И она приседала перед дверью, раскланиваясь с ветром. Анриетта и Жюль стояли позади нее и тоже кланялись, заливаясь смехом: они были в восторге от этой игры. Лали порозовела, видя, что ребятишки от души забавляются, да и сама вошла во вкус игры, а это случалось с ней не слишком часто.
— Добро пожаловать, принц! Как поживаете?
Но грубая рука толкнула дверь, и на пороге появился папаша Бижар. Тут все разом изменилось: Анриетта и Жюль плюхнулись на пол, а Лали в ужасе застыла, не закончив реверанса. Слесарь держал в руке новенький ременный кнут с длинным белым кнутовищем. Он поставил покупку возле кровати и даже не наградил Лали обычным пинком, в ожидании которого девочка съежилась и повернулась к отцу спиной. Бижар был очень весел, очень пьян и скалил черные зубы, усмехаясь от какой-то забавлявшей его мысли.
— Так-так! Ты, значит, балуешься, паскуда! Я еще снизу слышал, как ты здесь отплясываешь… А ну-ка, подойди ко мне! Ближе, ближе, черт возьми! Да повернись лицом, на кой мне нужна твоя задница? Чего ты трясешься как овечий хвост? Разве я тебя трогаю? Сними с меня башмаки!
Лали в ужасе оттого, что не получила обычной порции колотушек, вся побелела и сняла с него башмаки. Отец, сидевший на краю кровати, повалился на нее, не раздеваясь, и стал следить за девочкой. А она растерянно металась под этим пристальным взглядом и так дрожала от страха, что в конце концов разбила чашку. Тогда, не меняя положения, Бижар взял кнут и помахал им.
— Взгляни на эту штуку, барашек! Опять купил тебе подарок. Да, потратил на тебя еще пятьдесят су… С этой игрушкой мне не придется бегать за тобой, теперь ты никуда не спрячешься. Хочешь попробовать? Ага, ты чашки бьешь!.. Ну, гоп, попляши вприсядку перед своим принцем!
И, по-прежнему развалясь на кровати, он принялся щелкать огромным бичом, словно возница, погоняющий лошадей. Вдруг он со всего размаха ударил Лали; ремень обвился вокруг ее тельца, и она завертелась как волчок. Потом упала, попробовала отползти на четвереньках, но он снова ударил ее, и она вскочила на ноги.
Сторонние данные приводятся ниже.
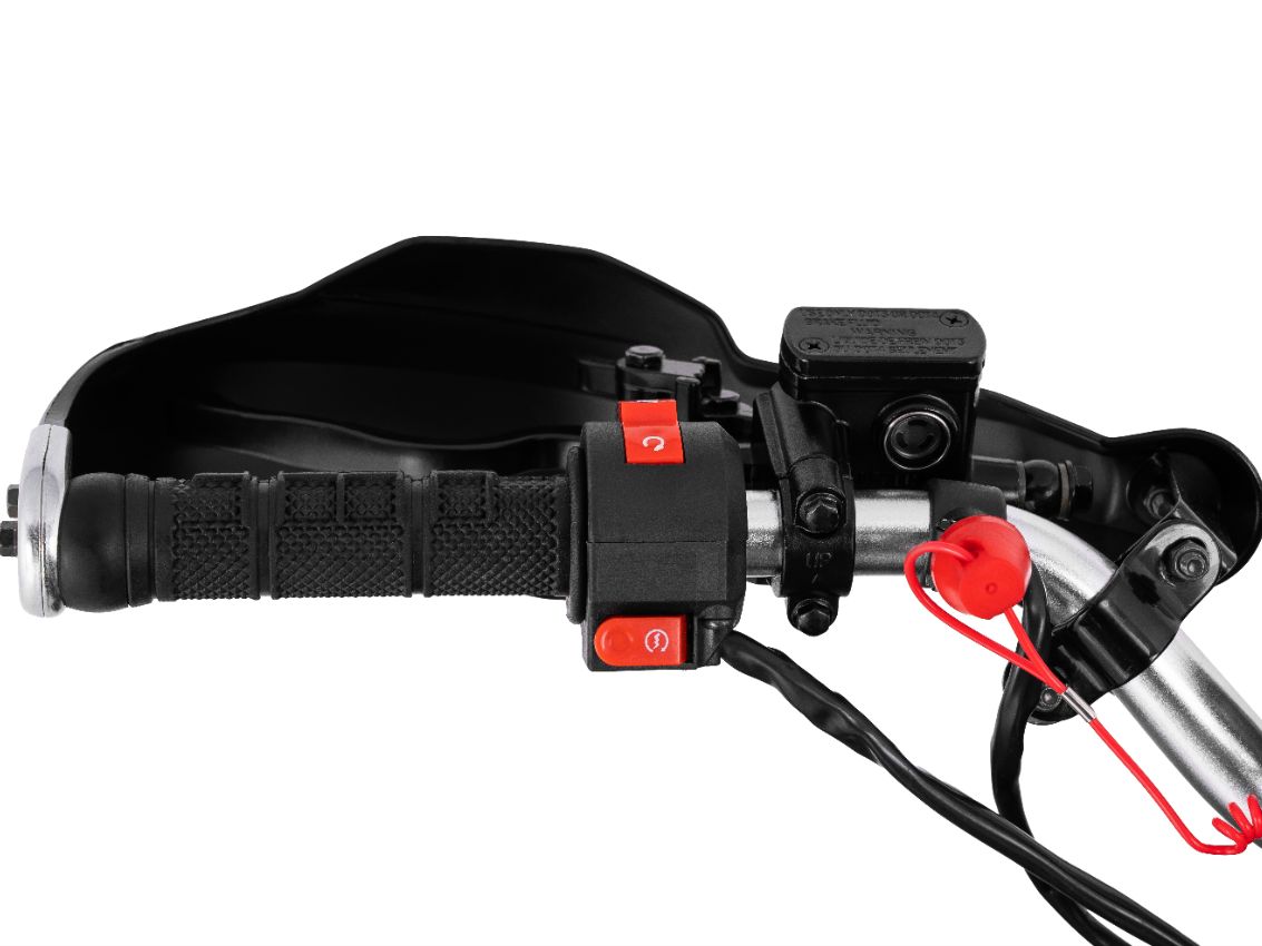 Комплектация Sharmax 180 CROSS RX включает аккумулятор 12Аh/12V, защиту рук и электронную приборную панель, а также чеку безопасности. Багажная решетка с грузоподъемностью 35 кг обеспечивает дополнительное пространство для хранения. Гарантия на Квадроцикл составляет 3 года, что подчеркивает его надежность и качество.
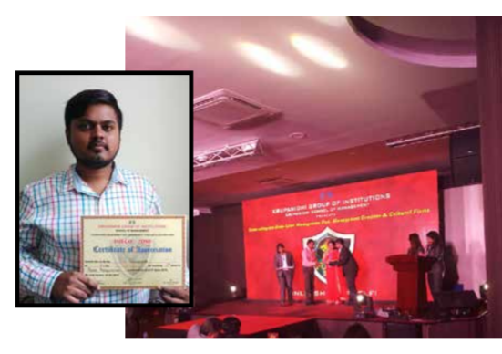 Sai Charan of PGDM batch 2017- 19 secured first place in Fuego 2018 organized by Krupanidhi College of Management in paper presentation. bHe received Rs. 3000 cash prize with a trophy and certificate of appreciation.
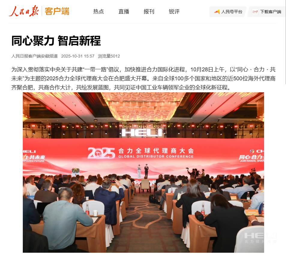 10月28日至31日,“同心?合力?共未來”2025合力全球代理商大會在合肥召開,引發(fā)媒體廣泛關注,新華社安徽分社、中央廣播電視臺安徽總站、經濟日報、證券日報、央廣網、中國工業(yè)報、人民網安徽頻道、新華網安徽頻道、安徽日報、安徽新聞聯(lián)播等28家媒體、46名記...
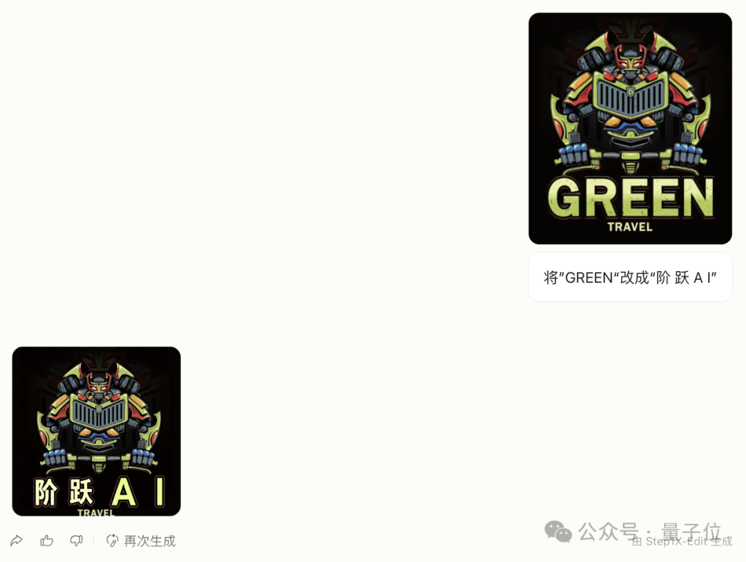 输入一张有两行字的图片,并指定让其中的“GREEN”修改为“阶跃AI”字样。

— Гоп! Гоп! — орал Бижар. — А ну, поворачивайся… Хороша забава — особенно зимой, по утрам. Я себе полеживаю в тепле и стегаю кнутом барашка, стегаю издалека, даже рук не мараю. Хочешь спрятаться в этом углу? Достал стерву. А в том? Тоже достал. Ага, ты залезла под кровать, ну так угощу тебя кнутовищем… Гоп! Гоп! Живей, живей!
Пена выступила у него на губах, желтые глаза чуть не вылезли из темных орбит. Обезумевшая Лали с воплями бегала по комнате, каталась по полу, прижималась к стенам; но длинный кнут настигал ее повсюду, оглушительно щелкал над головой и, обжигая, хлестал по телу. Ну и пляска! Точь-в-точь дрессировка зверушки в цирке. Стоило посмотреть, как кружится бедный котенок! Лали прыгала так высоко, словно играла в веревочку. Она задыхалась, отскакивала от пола, как резиновый мяч, и, ослепленная, истерзанная, сама подвертывалась под удары. А мучитель-отец ликовал, обзывал ее паскудой и спрашивал, не довольно ли с нее, поняла ли она наконец, что ей все равно никуда не спрятаться.
На вопли девочки неожиданно прибежала Жервеза. При виде этого зрелища она вышла из себя.
— Мерзавец, подлец! — закричала она. — Сию же минуту перестаньте, не то я побегу за полицией!
Бижар зарычал, как пес, у которого отняли кость.
— Эй ты, кривобокая, не суйся не в свое дело! Что ж, прикажешь надевать перчатки, чтоб учить ее? Это порядка ради, понимаешь? Пусть знает, что у меня длинные руки.
И он в последний раз ударил Лали кнутом. Удар пришелся по лицу, из рассеченной верхней губы брызнула кровь. Жервеза схватила стул и хотела броситься на слесаря, но Лали с мольбой протянула к ней руки, уверяя, что это пустяки, что все уже прошло. Краешком передника она вытерла кровь и стала успокаивать детей, которые заливались слезами, словно этот град ударов обрушился на них.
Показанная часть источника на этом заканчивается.